FlowTracer is an RL framework that uses attention-induced graphs to trace reasoning flows and assign token-level credit based on global information propagation structures.

Token-level credit assignment remains a key obstacle for reinforcement learning (RL) in large language models (LLMs), where RL recipes typically treat all tokens equally, failing to distinguish decisive reasoning steps from routine formatting or fluent filler. Recent attempts leverage model-internal signals to assign finer-grained credit, but these are often point-wise heuristics that ignore the global structure of information propagation. We propose FlowTracer, an RL framework that traces answer-targeted reasoning flow on an attention-induced directed acyclic graph in which nodes correspond to tokens and edge capacities come from aggregated attention weights and derives token credit from this global structure.

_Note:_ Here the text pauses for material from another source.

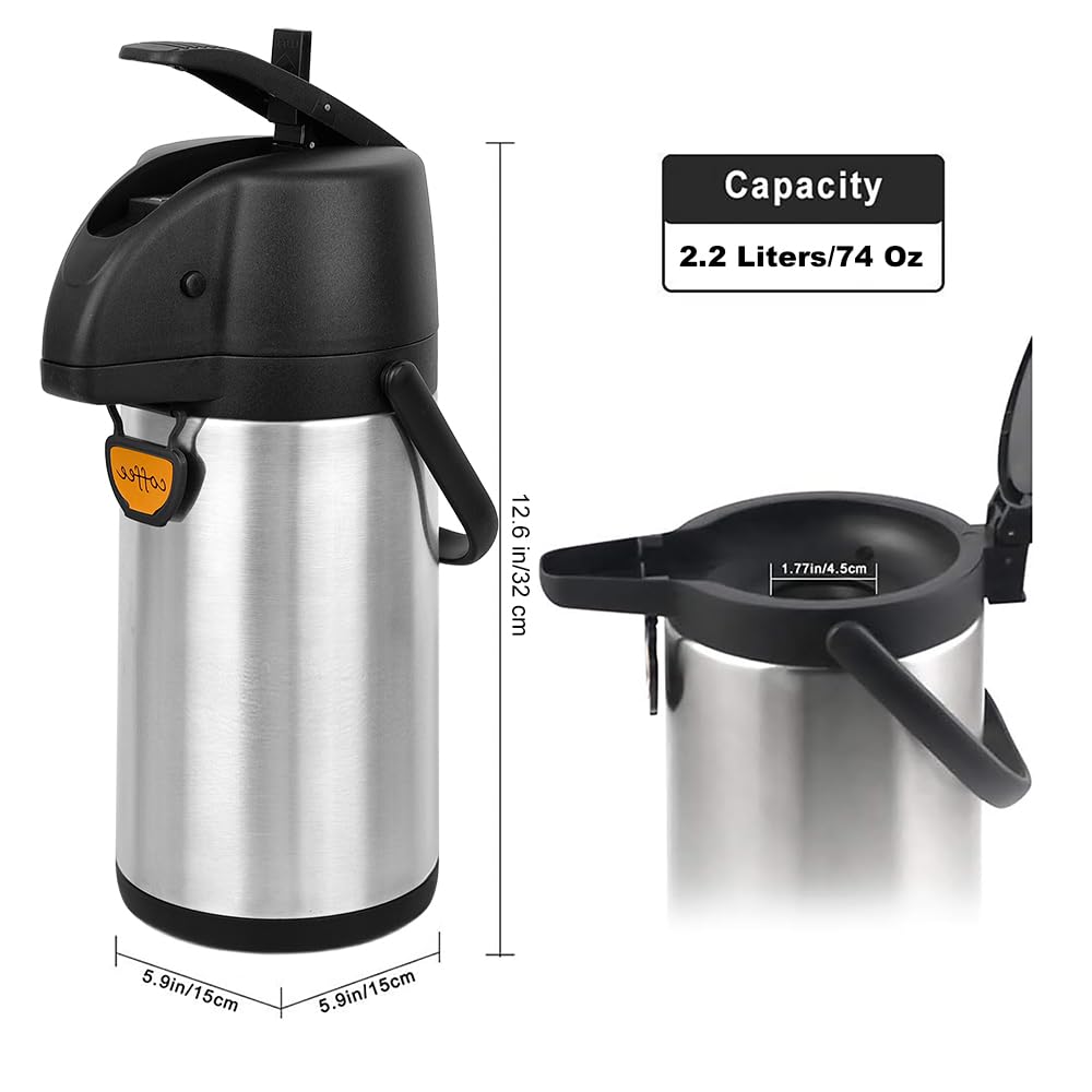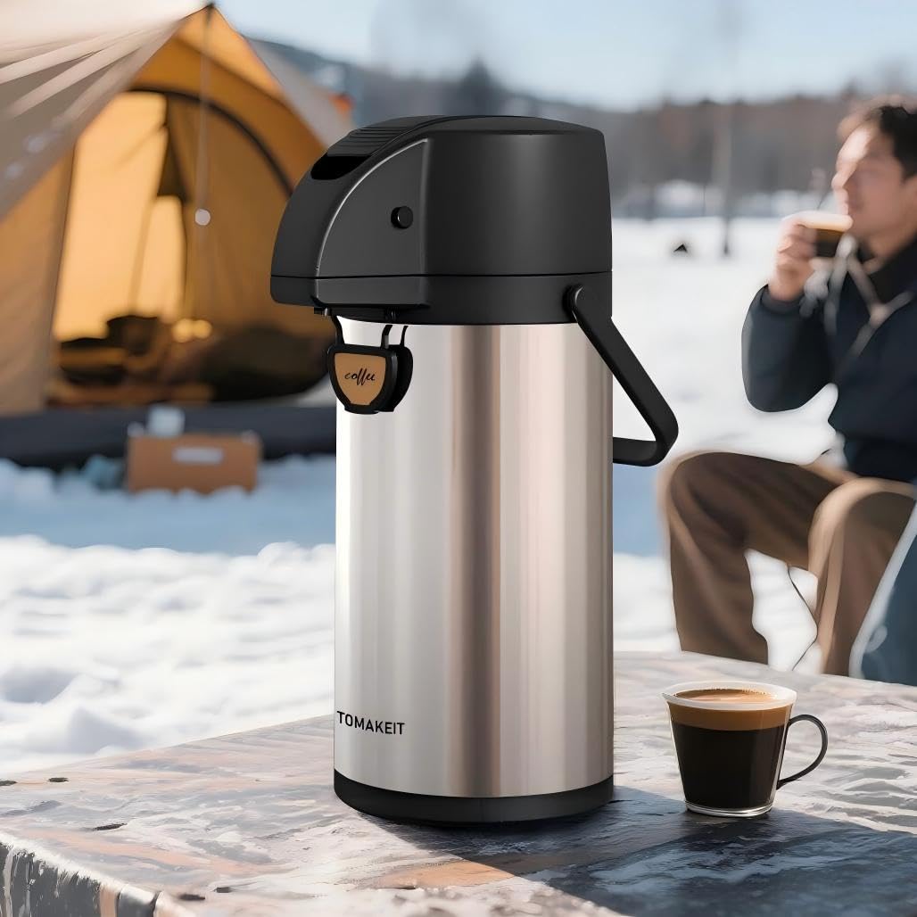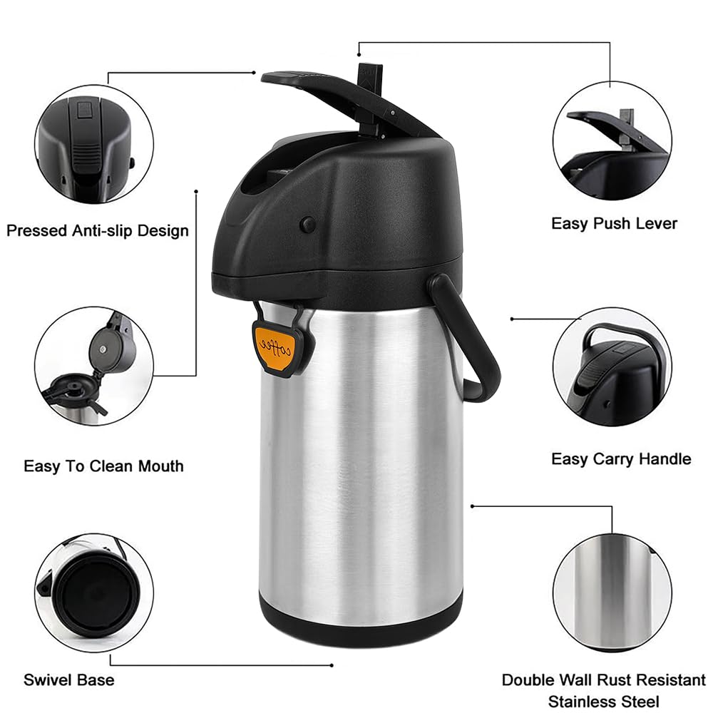 SCIENTIFIC & CONVENIENT DESIGN: This Airpot Coffee Dispenser features an innovative lever pump-action mechanism, eliminating the need to lift or tilt the dispenser. Simply press the lever gently to effortlessly and safely pour your favorite beverages. Designed for convenience and speed, the coffee carafe ensures quick dispensing while preventing spills or leaks. Perfect for busy moments, whether you're managing chores or hosting parties, this dispenser makes refilling your drinks a breeze.

The edge capacities are reweighted to retain only the influence that can reach the answer region, while enforcing local flow conservation so intermediate tokens neither lose nor gain effective mass due to path length or irrelevant branches. On this graph, FlowTracer extracts an information-flow backbone connecting the question to the answer and scores tokens by flow throughput, revealing high-impact hubs and aggregation checkpoints that mediate long-range dependencies. These derived importances are used to shape token-level rewards, enabling learning signals to focus precisely on the tokens that route information toward (or away from) correct answers and delivering consistent performance gains across a range of reasoning tasks.

Community

What if we stopped rewarding every token equally and instead followed the actual "reasoning bloodstream" inside an LLM? FlowTracer tackles one of RL’s messiest blind spots—token-level credit assignment—by turning attention patterns into a directed information-flow graph, tracing how evidence travels from the question to the final answer, and identifying the high-impact reasoning hubs that truly matter. Instead of spraying reward over fluent filler and decisive steps alike, it shapes RL signals around the tokens that route information toward correctness, offering a sharper way to train reasoning models by asking not just what they answered, but how the answer flowed into existence.